To celebrate the recent opening of Costco's Croydon branch, the management of this blog have decided to dedicate this post to one of the best shopping environments in the known universe by displaying just a few of the many products that may be purchased from this store. Railway employees are allowed to become members of this establishment, unlike Makro. Cunts.
But hey! Enough of my yakking, let's all boogie down the aisles of consumer heaven...
1. Indulge yourself in this luxurious steam shower;
2. Chandeliers for every room in your gaff;
3. Car tyres that make lovely thick black smoke when you burn them;
4. Decorative soldiers that scare pet cats;
5. Mobility chairs for lazy bastards;
6. Jack Daniels themed hampers for the discerning drunkard;
6. Beautiful red meat to be used as ammo for throwing at vegetarians;
7. Scrummy cottage pies are served in the cafe;
8. Plenty of alcohol to wash down the scrummy cottage pies;
9. One-off custom Fender Stratocaster - a snip at just under ten grand;
10. But if you can't afford the Strat, there's always a great Costco cake for a tenner.
6 comments:
Don't you have to be a Mason to shop at Makro?
You wouldn't see me anywhere near Charlton, anyway.
I don't blame you, Geoff.
I managed to but The Smiths' "The Queen Is Dead" album from Makro in Valencia, Spain.
I was never a member of Makro and will never be a Mason, so I don't know what happened with their security at the time, but it gave me immense pleasure to bypass the system.
Right on!
Huzzah - the comments are back. Have you ever been to Carrefour in Spain/France? Same sorta thing - sausages as long as man's arm, and live lobsters last time I went...

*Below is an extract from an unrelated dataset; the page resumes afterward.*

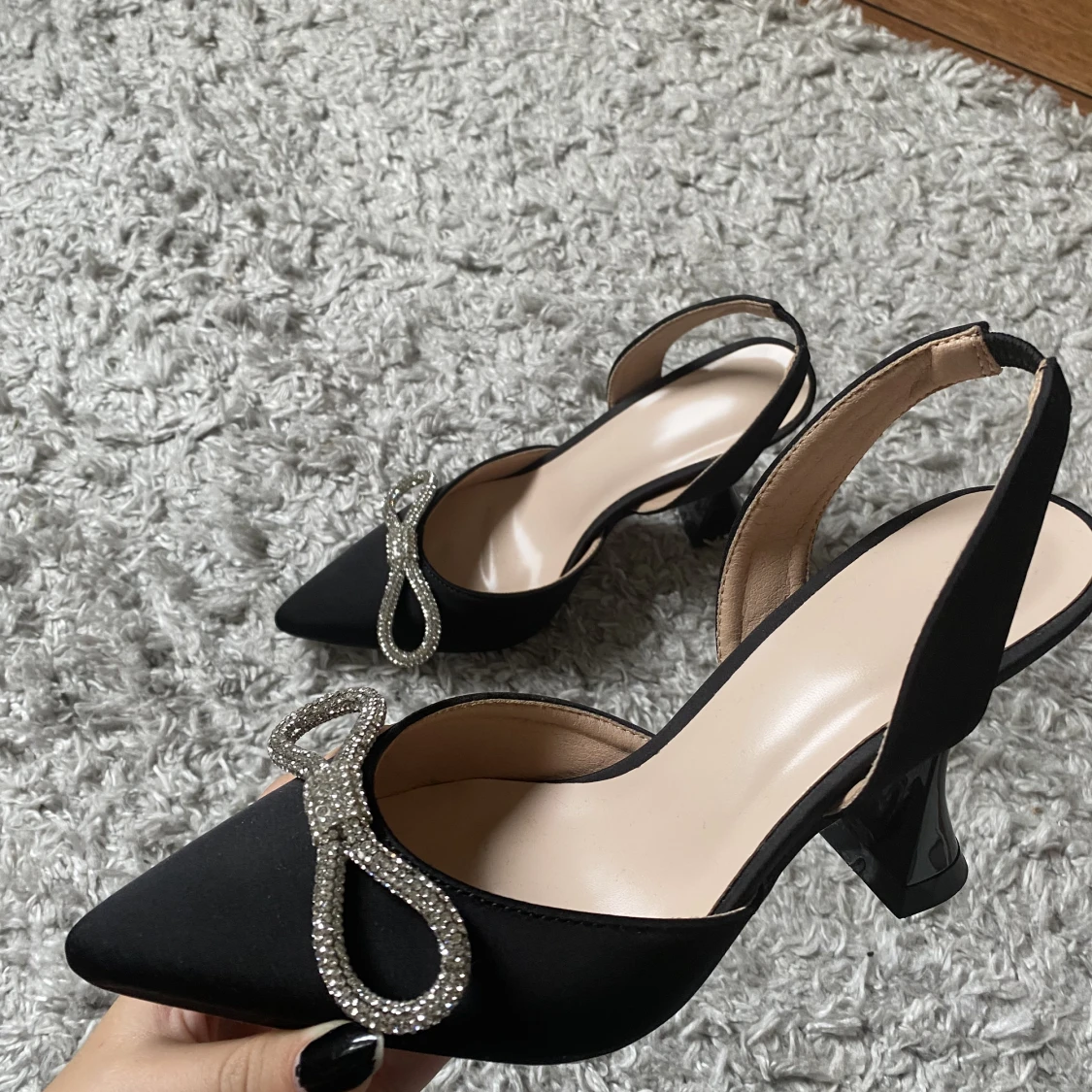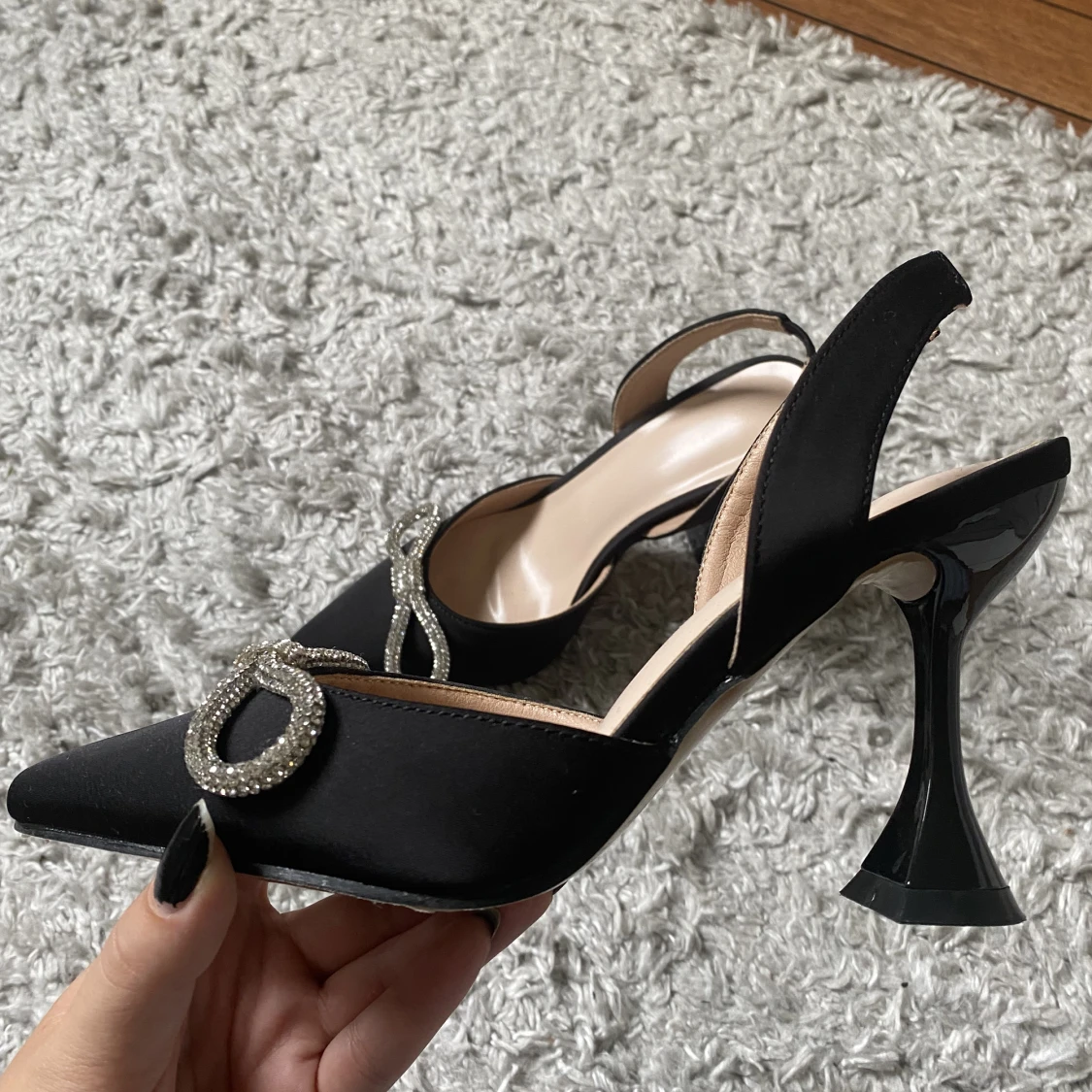 Så fina klackskor med glittrig rosett🖤 Använda en gång med ser precis ut som nya!
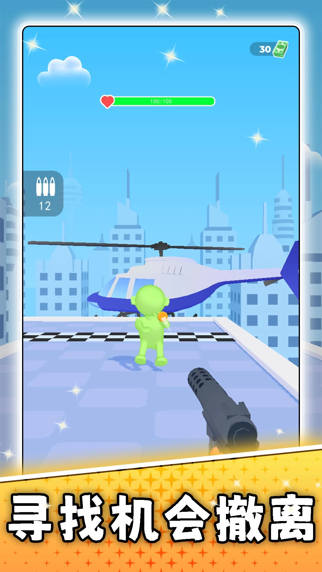 1、以基础手枪开启战斗,通过点击与滑动操作进行瞄准射击,消灭场景内的敌人以推进关卡。

i try to stay away from the big box stores here, but then again, kind a easy in savannah since we don't have a costco only sam's club which is the offspring of wal-mart.
xoxox
I oddly enough have had the displeasure to go to the Charlton Makro twice in 5 years - first time for my friends wedding supplies (including rocking deck chairs for the infirm guests!) - it's amazing what they stock. I was a bit like a child going 'look! look! you cna buy a thousand sweets for 50p!. It is an over-flowing Aladdin's cave of everythingness.
PM - Yes! It's bloody massive and you can easily lose your way in Carrefour. I recall buying a huge leg of ham that they were recently selling in Lidl's for 60 quid! I'm all for great shopping experiences in large complexes so long as they provide maps to ease navigation.
Savvy - I've only been to a proper Wal-Mart once - in Bullhead City, I think. Bought some original Levi's t-shirts (made in USA - hurrah!). Wal-Mart have taken over our ASDA supermarkets although you wouldn't be able to tell, they're a silent boss.
RoMo - I borrowed a friend's membership card to get into the Charlton Makro and walked out with an entire new wardrobe, a few Ben Sherman shirts were bought (I was going through a mod period I think!). Costco's is similar but a bit more laid back in who they allow as members.